In studies Cryoport conducted using its TM SmartPak II condition monitoring systems, we could observe intransit misorientation during a transportation study in 32 of 33 shippers (we looked at both dry vapor liquid nitrogen shippers as well as dry ice packaging) with an average time misoriented between 10 and 30 percent depending on the package type. In fact, there were multiple examples of cryo-shippers that spent more than 75 percent of their in-transit time misoriented.
The conclusion reached was that QbD was a critical necessity for the effective cryogenic transportation of regenerative therapy materials.Using static validation studies alone was insufficient in managing risk, as the most thoroughly qualified dry vapor liquid nitrogen shipper could lose 70 percent of ts validated hold time due to in-transit handling. Using data captured dynamically by means of real-time GPS, cellular and Wi-Fi condition monitoring systems, one can develop algorithms that can dynamically adjust and predict the hold time of a dry vapor liquid nitrogen shipper while it is en route and more effectively manage the risk to the commodity.This enables the user to understand the in-field remaining hold time of a dry vapor liquid nitrogen shipper in hours, not days, and develop risk mitigation and intervention procedures to prevent product loss before it occurs.
Automating the risk management process through effective use of QbD using real-time informatics is a critical consideration when contemplating support of a commercial product in the field of regenerative medicine. Informatics to capture, interpret and predict, as well as to provide automated alerts and pre-defined escalation protocols based on the nature of the data captured for hundreds if not thousands of concurrent shipments will be critical in the effective launch of these therapies. QbD processes provide the foundation enabling such an approach to be effective.

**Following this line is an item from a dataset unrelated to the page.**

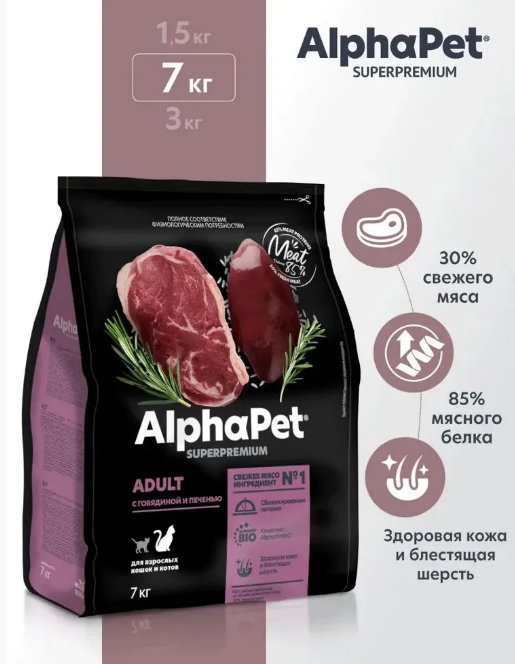 Сухой корм для взрослых кошек AlphaPet Superpremium (АльфаПет) 7кг с говядиной и печенью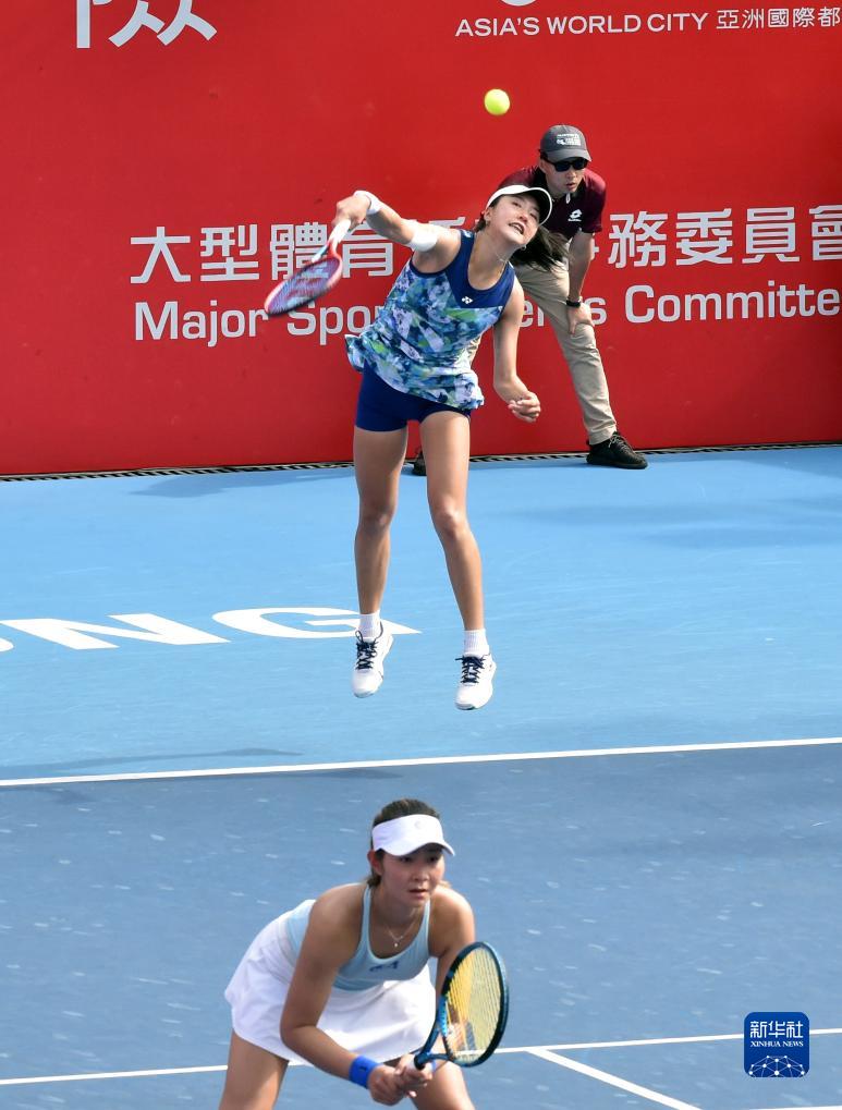 10月15日,汤千慧(上左)/曹家宜在比赛中。新华社记者 卢炳辉 摄

The QbD process can be extrapolated beyond the cryogenic transportation space. If we are to look at temperature ranges such as 2-8°C, one can envision augmenting a summer/winter validation protocol with dynamic remaining hold time calculations that account for factors such as external temperature,humidity and atmospheric pressure to create algorithms that have the capability to track remaining hold time of vacuum paneled shippers to a matter of a few hours and significantly minimize or even eliminate temperature excursions as acceptable risk factors in the process.
This acceptable variance in temperature range is much tighter in the 2-8°C space than the cryogenic space (only 6 degrees versus the large range, -150°C and below). Therefore, the ability to monitor and control temperature excursions is just as or perhaps even more critical.